Each time when calling a rule with a parameter, we will be asked what value each of them should take – we can then refer, for example, to the value of an attribute from the form.

In the example above, the Date Validation rule was used twice to compare different dates with each other. Form attribute values and the TODAY function returning the current date were used here.

Is it possible to use programming skills?

More advanced business requirements can sometimes require you to use the basics of programming. When creating rules, we can use the integration functions:

  • SQL COMMAND – allowing to execute a query and retrieve values from a specified database
  • SDK EXECUTION – which allows you to calculate a value using the SDK Business Rule

The ability to write SQL queries will also be useful when creating MSSQL database sources or adding some actions to the process, e.g. integration actions, launching actions and moving the sub-workflow, and changing the values of many fields.

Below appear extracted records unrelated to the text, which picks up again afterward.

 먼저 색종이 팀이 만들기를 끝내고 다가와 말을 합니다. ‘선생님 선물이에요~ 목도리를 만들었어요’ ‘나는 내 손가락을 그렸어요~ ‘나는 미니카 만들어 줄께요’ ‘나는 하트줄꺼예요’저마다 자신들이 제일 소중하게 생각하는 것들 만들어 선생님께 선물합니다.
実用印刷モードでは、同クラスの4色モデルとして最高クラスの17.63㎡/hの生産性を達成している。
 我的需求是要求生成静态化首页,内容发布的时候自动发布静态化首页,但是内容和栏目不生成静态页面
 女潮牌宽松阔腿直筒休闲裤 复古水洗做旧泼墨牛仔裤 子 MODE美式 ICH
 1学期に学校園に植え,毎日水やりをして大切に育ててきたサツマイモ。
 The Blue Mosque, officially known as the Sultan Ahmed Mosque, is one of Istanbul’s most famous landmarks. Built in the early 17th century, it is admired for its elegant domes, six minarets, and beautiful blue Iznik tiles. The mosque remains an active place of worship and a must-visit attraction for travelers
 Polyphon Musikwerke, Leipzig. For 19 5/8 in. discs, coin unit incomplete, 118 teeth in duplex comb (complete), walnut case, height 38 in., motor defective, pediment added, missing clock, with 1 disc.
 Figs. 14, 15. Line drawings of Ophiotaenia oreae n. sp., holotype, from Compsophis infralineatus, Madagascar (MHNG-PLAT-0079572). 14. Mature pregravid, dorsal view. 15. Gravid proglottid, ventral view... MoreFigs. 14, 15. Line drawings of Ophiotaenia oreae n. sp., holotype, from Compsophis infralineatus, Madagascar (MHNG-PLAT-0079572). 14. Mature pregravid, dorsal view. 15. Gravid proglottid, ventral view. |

When creating e-mail templates, we can use the knowledge of JavaScript basics to format the appearance of the template. It is worth adding that also here the built-in Webcon functions and commands will significantly facilitate our work.


Answering the question in the article’s title- currently creating an application does not require programming skills. More and more popular low-cod tools such as Webcon uses intuitive methods, such as in the case of Webcon: “building blocks” and Drag & Drop, providing us with ready-made elements for building applications and making this process accessible, understandable, pleasant, and possible to be carried out by almost everyone. Not having to write many lines of code also saves a lot of time. However, programming skills can be used, allowing for the creation of much more advanced solutions and the implementation of complex business requirements. Often, however, they are not necessary to create a fully functional product.